Unfortunately, the JCT's 2004 error wasn't its first. It also wildly overestimated the "cost" to the government of tax cuts in 1997 and 2003 (JCT's "static scoring" on the 2001 tax bill was okay since that legislation focused on the types of tax cuts -- such as rebates and credits -- that don't have any impact on growth).
It's clear we need a better analytical approach, one that accounts for the fact that cuts in tax rates (especially on investments and savings) can boost the economy. Washington insiders call this "dynamic scoring," but average Americans would call it, simply, reasonable.
They know that if a family is allowed to keep more of any additional income (because the government cuts the family's tax rate), the family will save some -- and spend some -- of the additional dollars. A family's savings especially help boost economic activity: firms that want to expand their operations have a greater pool of funds to draw from, and lower taxes on savings means that interest rates will likely fall, thus enabling lenders to back more entrepreneurs, the real drivers of the U.S. economy.
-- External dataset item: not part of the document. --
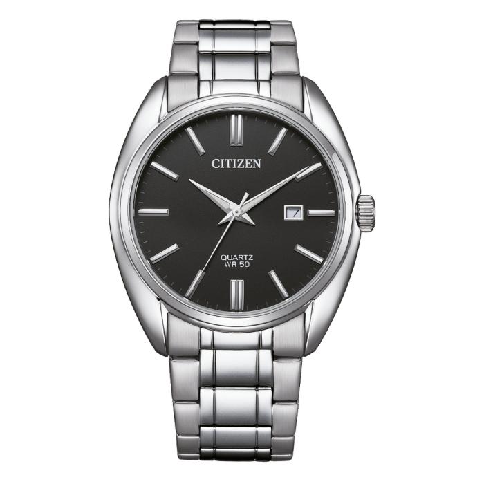 Renowned for its precision, Citizen introduces a robust timepiece that commands attention with every glance. Its sharp hands, minimalist markers, and sleek black dial ensure enhanced visibility, ideal for those with busy schedules. Complemented by a discreet date display at 3 o'clock and water resistance of 50 meters, this watch is crafted for versatility and unwavering reliability. Make a bold statement of style and functionality with Citizen's impeccable craftsmanship.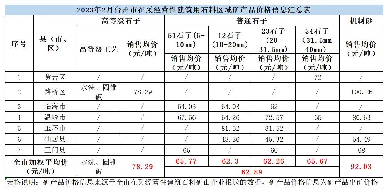 2023年3月份,浙江臺州高等石子均價82.18元/噸、普通石子均價63.33元/噸、機制砂均價77.63元/噸;相比2月高等石子均價78.29元/噸、普通石子均價62.79元/噸、機制砂均價92.03元/噸。其中,機制砂下跌幅度最大約15元/噸。

That's the dynamic effect economists love to see in tax policy change. As a bonus, individual families make better choices about how to spend their money than Washington does, so when they're allowed to keep more, the country will automatically benefit.
Luckily, the government is finally moving in the right direction. This year, President Bush proposed creating a Dynamic Analysis Division within the Treasury Department's Office of Tax Analysis. This group would advise the President and other key policymakers on how proposed changes to U.S. tax policy affect economic activity. In other words, it sets the stage for "dynamic scoring" of tax bills.
This simple step should help us draft more intelligent tax bills. That's critical, because all tax cuts are not created equal. We've already seen that the 2003 and 2004 cuts that slashed rates on productive activity boosted growth and increased tax revenues, just as the dynamic revenue models at The Heritage Foundation had anticipated they would. Sensibly, Congress recently extended those cuts through 2010.
But we also need to avoid ill-advised tax cuts, such as the tax rebate of 2001.
Lawmakers enacted that because they assumed it would "put money in the hands of consumers."
But as good dynamic models predicted, the rebate didn't decrease the cost of working or investing, and those are the two major factors that drive economic activity. The windfall may have helped people save a little cash, but it didn't change the tax rate you face when deciding to put in some overtime, take a second job or start your own business. In short, credits like this one don't change the incentives to work, save and invest.
President Bush says one of his long-term goals is to fundamentally rework the tax system. That's a worthy goal. No doubt it'll be much easier to achieve the simple and fair flat tax system the country deserves when policymakers can see the real effects -- good and bad -- of their tax policy decisions.
When they understand the benefits of the "new math" of dynamic scoring, they'll understand how we can add to the economy by subtracting confiscatory tax rates.